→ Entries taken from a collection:
────────────────
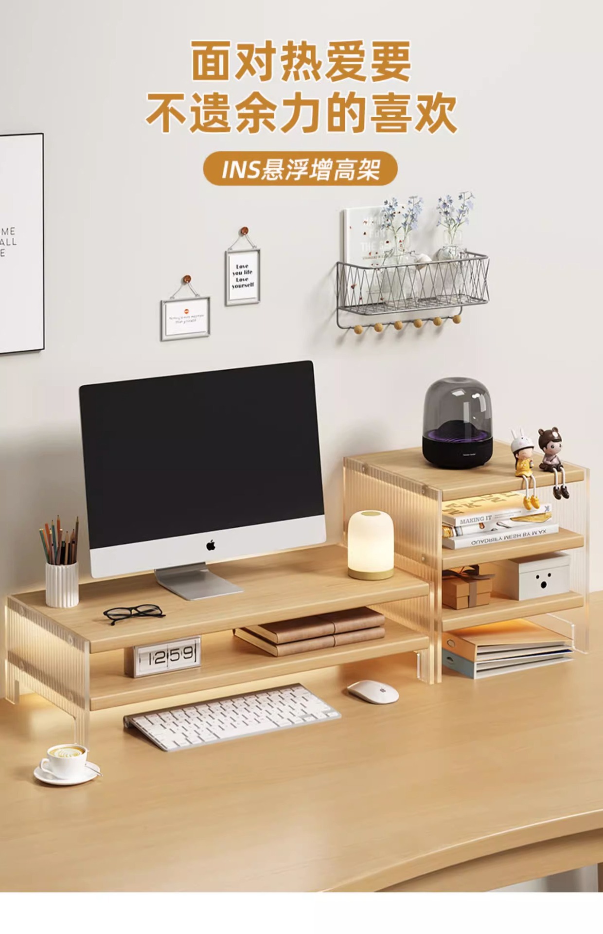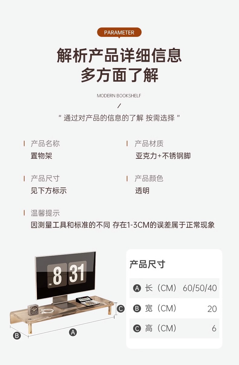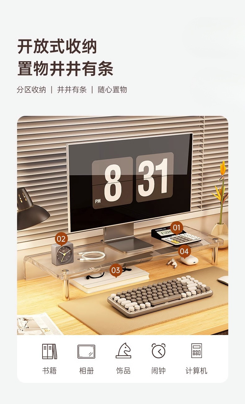 홈 오피스 노트북 스탠드 아크릴 모니터 컴퓨터 스탠드 데스크탑 데스크탑 스토리지 랙
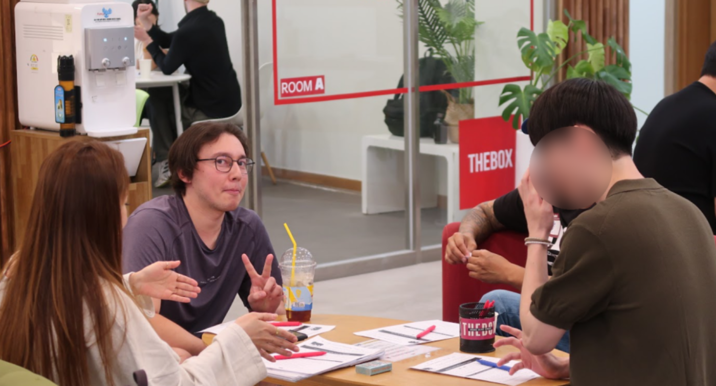 실전에 익숙해지는 감각 그리고 기존 영어실력을 유지하기 위한 노출로 대구영어회화 더박스 원어민회화스터디! 원어민과 소그룹으로 앉아서 충분한 영어대화를 즐길 수 있는 장점까지 가지고 있어요.
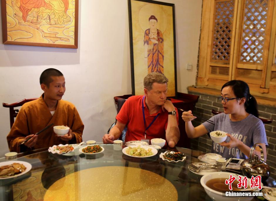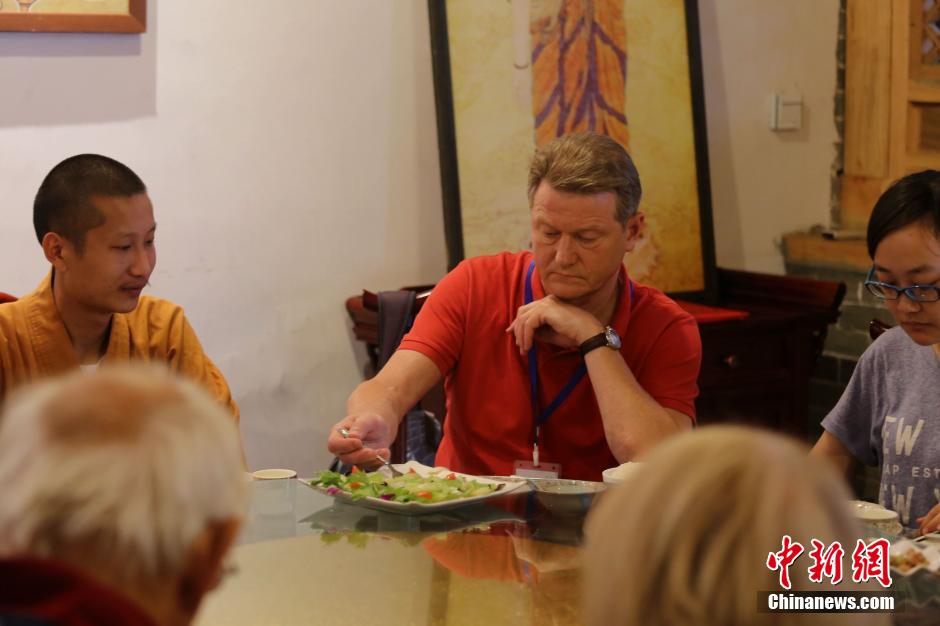 9月20日,河南登封少林寺,立陶宛前總統(tǒng)、現(xiàn)歐盟議員、國(guó)際特技飛行員羅蘭達(dá)斯·帕克薩斯與參加2015鄭州航展的明星隊(duì)員們參訪少林寺。羅蘭達(dá)斯在少林寺里吃齋飯。中新社發(fā) 王中舉 攝
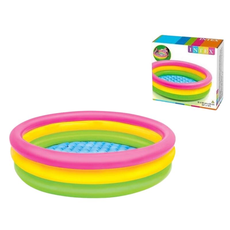 Яркий надувной бассейн для детей от 3 лет. Основные характеристики: • Размер: 147×33 см • Объем воды: 355 литров • 3 надувных кольца разных цветов • Надувне дно для комфорту • Веселые цвета: розовый, желтый, зеленый Идеально подходит для дачи, двора или балкона. Легко надувается и складывается. Безопасный материал, устойчивый к проколам. Поставляется в оригинальной коробке с инструкцией. Дает детям возможность наслаждаться водными играми дома.
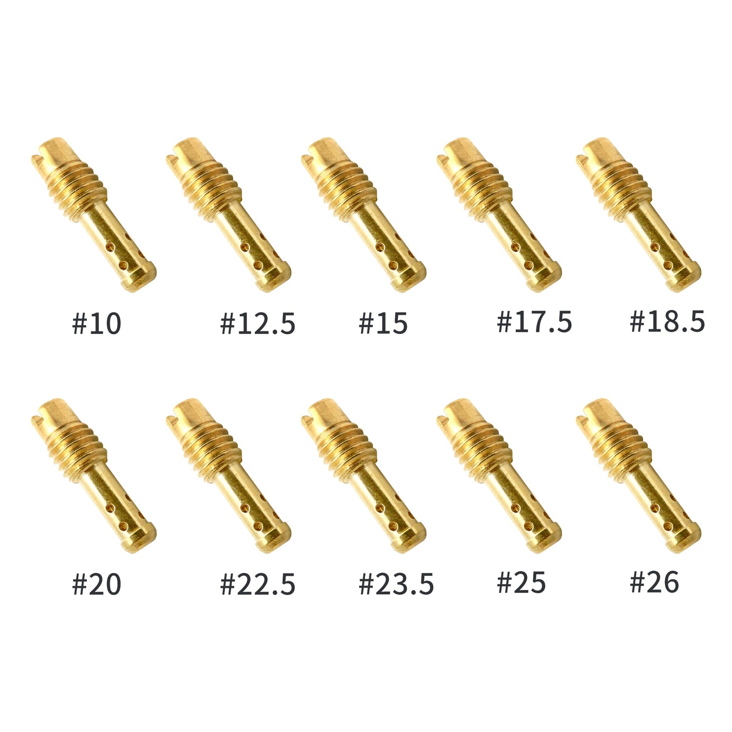 Designed for use in Mikuni VM carburetors, these pilot jets control fuel flow at idle and low throttle.
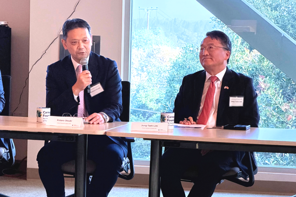 12月9日(火曜日)、在サンフランシスコ日本国総領事館は、在サンフランシスコ大韓民国総領事館及びカーネギー国際平和財団と共同で、「日韓スタートアップ政策対話」を開催しました。本イベントでは、シリコンバレーでスタートアップ政策を担う両国の政策当局が一堂に会し、両国のスタートアップが成長するための支援策について戦略を共有しました。イム・ジョンテク韓国総領事、大槻耕太郎総領事の開催の挨拶に続いて、カーネギー国際平和財団アジアプログラム上級研究員の櫛田健児博士が、韓国・日本・シリコンバレーのスタートアップ・エコシステムをより効果的に連携させるための提案を発表しました。
────────────────
→ Action item: Output the entries exactly as they appear, with no pictures included.

→ Your response:
 홈 오피스 노트북 스탠드 아크릴 모니터 컴퓨터 스탠드 데스크탑 데스크탑 스토리지 랙
 실전에 익숙해지는 감각 그리고 기존 영어실력을 유지하기 위한 노출로 대구영어회화 더박스 원어민회화스터디! 원어민과 소그룹으로 앉아서 충분한 영어대화를 즐길 수 있는 장점까지 가지고 있어요.
 9月20日,河南登封少林寺,立陶宛前總統(tǒng)、現(xiàn)歐盟議員、國(guó)際特技飛行員羅蘭達(dá)斯·帕克薩斯與參加2015鄭州航展的明星隊(duì)員們參訪少林寺。羅蘭達(dá)斯在少林寺里吃齋飯。中新社發(fā) 王中舉 攝
 Яркий надувной бассейн для детей от 3 лет. Основные характеристики: • Размер: 147×33 см • Объем воды: 355 литров • 3 надувных кольца разных цветов • Надувне дно для комфорту • Веселые цвета: розовый, желтый, зеленый Идеально подходит для дачи, двора или балкона. Легко надувается и складывается. Безопасный материал, устойчивый к проколам. Поставляется в оригинальной коробке с инструкцией. Дает детям возможность наслаждаться водными играми дома.
 Designed for use in Mikuni VM carburetors, these pilot jets control fuel flow at idle and low throttle.
 12月9日(火曜日)、在サンフランシスコ日本国総領事館は、在サンフランシスコ大韓民国総領事館及びカーネギー国際平和財団と共同で、「日韓スタートアップ政策対話」を開催しました。本イベントでは、シリコンバレーでスタートアップ政策を担う両国の政策当局が一堂に会し、両国のスタートアップが成長するための支援策について戦略を共有しました。イム・ジョンテク韓国総領事、大槻耕太郎総領事の開催の挨拶に続いて、カーネギー国際平和財団アジアプログラム上級研究員の櫛田健児博士が、韓国・日本・シリコンバレーのスタートアップ・エコシステムをより効果的に連携させるための提案を発表しました。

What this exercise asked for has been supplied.